Lilley is home to the Kedron Park Emergency Services Complex, where hundreds of Queenslanders man the fort during times of crisis, most recently with the Queensland bushfires which are still an ongoing issue for our emergency service workers. Additionally, in Lilley we have many volunteers and local services that operate out of Brisbane to help address these increasing incidents. I had two mobile offices yesterday in Wavell Heights and I had constituents come to me to tell me specifically that these NGOs are exhausted and are struggling with the increase to their demand. This is now something that they have to deal with on a year-round basis, not just during a particular season. They tell me that they need more funding to account for the fact that these are now year-round occurrences. You can look at the example of the fire at Binna Burra. A building that lasted 90 years surrounded by dense subtropical rainforest, burning down, shows this is not just the usual environmental cycle. Now 70 people have lost their jobs as a result.

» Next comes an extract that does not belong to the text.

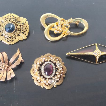Et flot sæt på 10 brosjer — vintage fra 1960-1980 — metal i gyldent og sølvagtigt meget skinnende — brosjer

Constituents tell me that they are worried for their children. It is something that worries me too. In my first speech to parliament, I spoke about the fact that earlier this year Australia became the first country to lose a mammal to climate change. It has been lost and that loss has changed nothing. It was news until it stopped being news just hours later. Can any of us name it today? I know some of you can. Maybe the Queenslanders who've just departed could. It was the Bramble Cay melomys, a mammal. It was a very furry, fluffy melomys, and it's already both gone and forgotten. How many species must we lose before we say 'enough' or before we say, 'We must change, and we will change, and we will stop this.'
Global heating is driving more frequent and extreme weather, such as drought, floods, bushfires, and heatwaves—
An honourable member: No, it's not.
It does. These things harm children disproportionately. Children are at a greater risk of respiratory illness, increases in childhood emergency department visits for asthma, fever, gastroenteritis and heat stroke, as well as the physical and psychological trauma from extreme weather events. What we are deciding now is what life will be like for the kids born this year, who will be 82 in 2100, and their grandchildren and their grandchildren's grandchildren. They will curse the era that devastated the planet. But if we who believe in the climate emergency continue to fight—continue to fight against those opposite—perhaps they'll bless the memory of those who tried to limit this destruction.